§ **Assignment**
Set down the whole listing below exactly, without pictures.

§ **Source data**
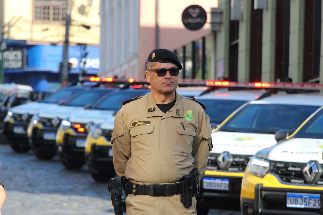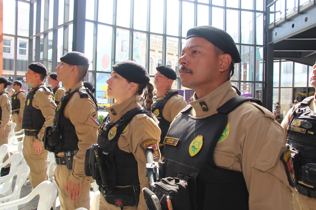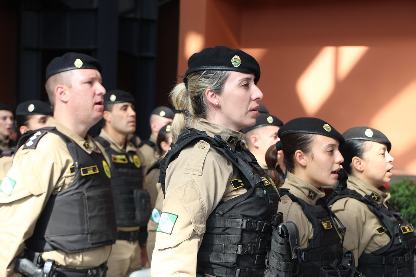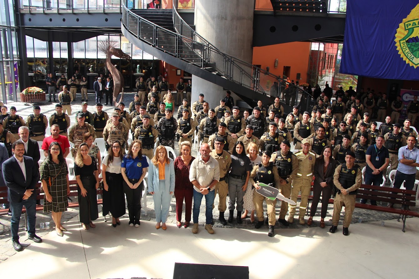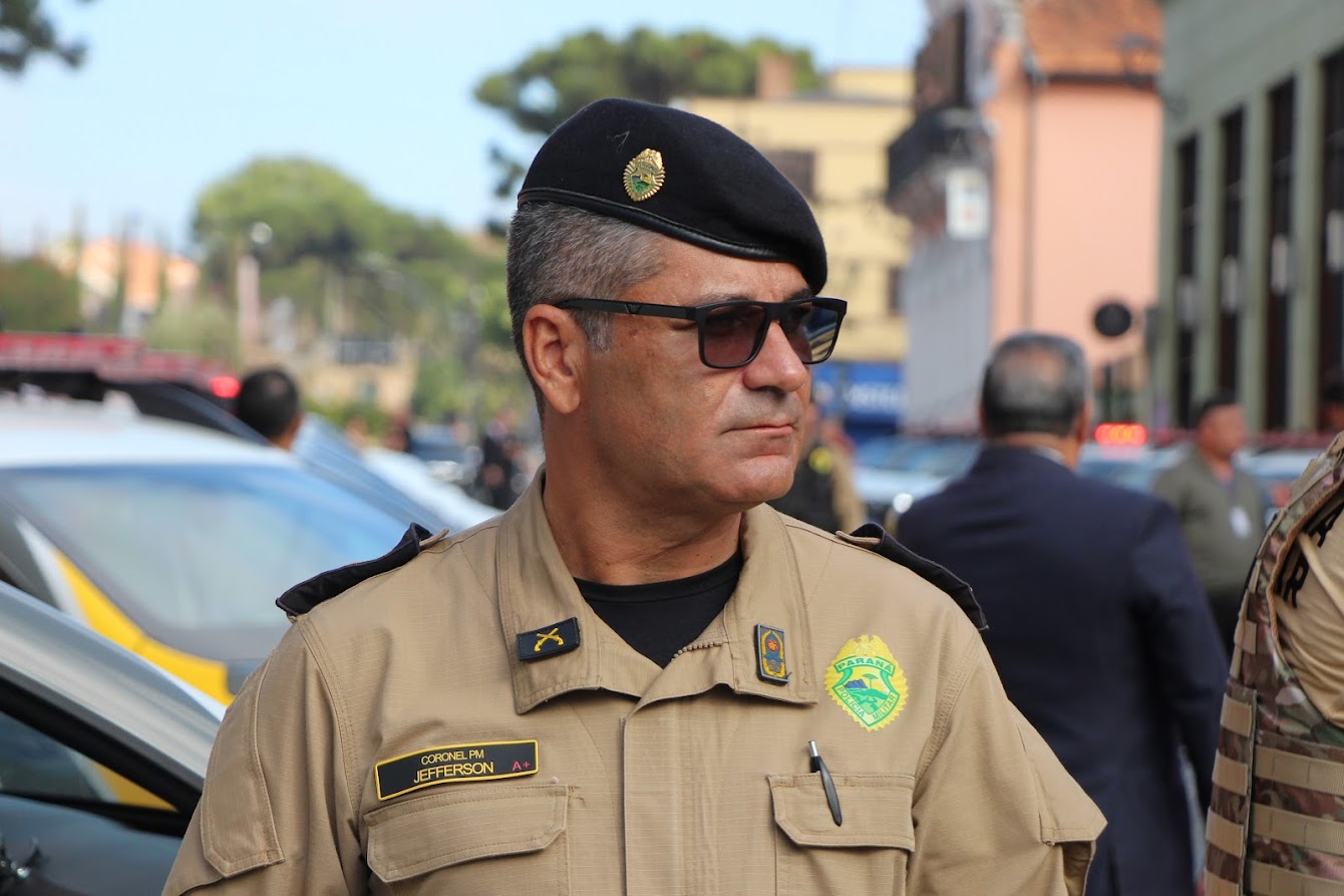 PRESENÇAS — Também participaram o comandante-geral do Corpo de Bombeiros Militar do Paraná, coronel Antonio Geraldo Hiller Lino; o comandante do 5º CRPM, coronel Valmir de Souza; o comandante do 6º CRPM, coronel Alessandro Galaski; o comandante do 2º CRPM, coronel Juarez Saldanha Machado; a deputada estadual Cloara Pinheiro; a deputada estadual Marcia Huçulak; a diretora-geral da Polícia Penal do Paraná Ananda Challegre; o diretor-geral da Polícia Científica do Paraná, Ciro José Pimenta; o gestor de Políticas Públicas da Secretarta da Segurança Pública (Sesp), coronel Silvio Roberto Saulo de Tarso Sanson; o chefe de gabinete do secretário da SESP, coronel Fernando Klemps; o diretor de Logística da PMPR, tenente-coronel Pedro Paulo Porto de Sampaio; o comandante do Policiamento Especializado, tenente-coronel Rogério Gomes Pitz; o comandante do Comando de Missões Especiais, tenente-coronel Alexandre Lopes Dias; o comandante do Comando de Aviação, tenente-coronel Andrey Müller Yark; a delegada-chefe da Divisão de Polícia Especializada da Polícia Civil; Luciana de Novaes; a diretora da secretaria da Mulher de Curitiba, Aline Betenheuser; a presidente da Comissão das Mulheres Advogadas, Naila Franco; e o presidente do Grupo Raytec, Jonatas Matos.
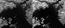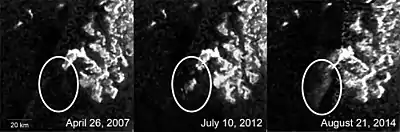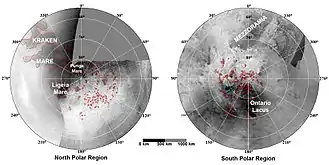 | صور متباينة لعددٍ من البحيرات في نصف تيتان الشمالي (يسار) ونصفه الجنوبي (يمين). | صورتان لنصف تيتان الجنوبي تفصل بينهما سنة واحدة، تُظهران التغييرات في البحيرات القطبية الجنوبية. |
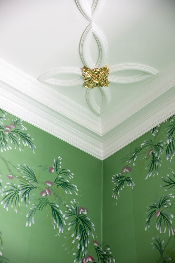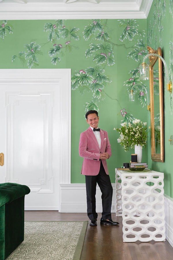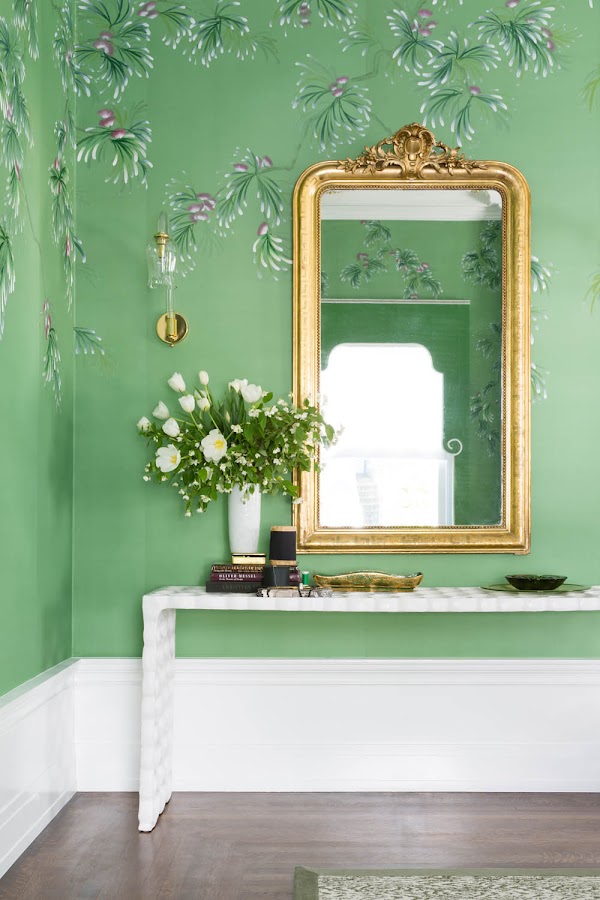 Una de las cosas que más llaman la atención del espacio es el papel pintado a mano, bordado y con acabado sedoso, de De Gournay, que envuelve todo y le da ese aire sofisticado pero a la vez, fresco y primaveral.
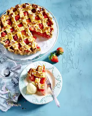 Slide the dough grid from the cake plate onto the cake. Cut off any excess dough and press the grid around the edge of the cake. Mix egg yolk and 2 tbsp. water. Spread a thin layer of the dough onto the strips. Sprinkle with sugar crystals. Bake in a preheated oven (electric cooker: 200 °C/ convection oven: 175 °C/ gas: see manufacturer) for approx. 1 hour. Cover with aluminium foil after about 45 minutes. Remove from the oven and let cool on a cake rack. Remove the tart from the tin and dust with icing sugar. Serve with vanilla ice cream.

§ **Written solution**
 PRESENÇAS — Também participaram o comandante-geral do Corpo de Bombeiros Militar do Paraná, coronel Antonio Geraldo Hiller Lino; o comandante do 5º CRPM, coronel Valmir de Souza; o comandante do 6º CRPM, coronel Alessandro Galaski; o comandante do 2º CRPM, coronel Juarez Saldanha Machado; a deputada estadual Cloara Pinheiro; a deputada estadual Marcia Huçulak; a diretora-geral da Polícia Penal do Paraná Ananda Challegre; o diretor-geral da Polícia Científica do Paraná, Ciro José Pimenta; o gestor de Políticas Públicas da Secretarta da Segurança Pública (Sesp), coronel Silvio Roberto Saulo de Tarso Sanson; o chefe de gabinete do secretário da SESP, coronel Fernando Klemps; o diretor de Logística da PMPR, tenente-coronel Pedro Paulo Porto de Sampaio; o comandante do Policiamento Especializado, tenente-coronel Rogério Gomes Pitz; o comandante do Comando de Missões Especiais, tenente-coronel Alexandre Lopes Dias; o comandante do Comando de Aviação, tenente-coronel Andrey Müller Yark; a delegada-chefe da Divisão de Polícia Especializada da Polícia Civil; Luciana de Novaes; a diretora da secretaria da Mulher de Curitiba, Aline Betenheuser; a presidente da Comissão das Mulheres Advogadas, Naila Franco; e o presidente do Grupo Raytec, Jonatas Matos.
 | صور متباينة لعددٍ من البحيرات في نصف تيتان الشمالي (يسار) ونصفه الجنوبي (يمين). | صورتان لنصف تيتان الجنوبي تفصل بينهما سنة واحدة، تُظهران التغييرات في البحيرات القطبية الجنوبية. |
 Una de las cosas que más llaman la atención del espacio es el papel pintado a mano, bordado y con acabado sedoso, de De Gournay, que envuelve todo y le da ese aire sofisticado pero a la vez, fresco y primaveral.
 Slide the dough grid from the cake plate onto the cake. Cut off any excess dough and press the grid around the edge of the cake. Mix egg yolk and 2 tbsp. water. Spread a thin layer of the dough onto the strips. Sprinkle with sugar crystals. Bake in a preheated oven (electric cooker: 200 °C/ convection oven: 175 °C/ gas: see manufacturer) for approx. 1 hour. Cover with aluminium foil after about 45 minutes. Remove from the oven and let cool on a cake rack. Remove the tart from the tin and dust with icing sugar. Serve with vanilla ice cream.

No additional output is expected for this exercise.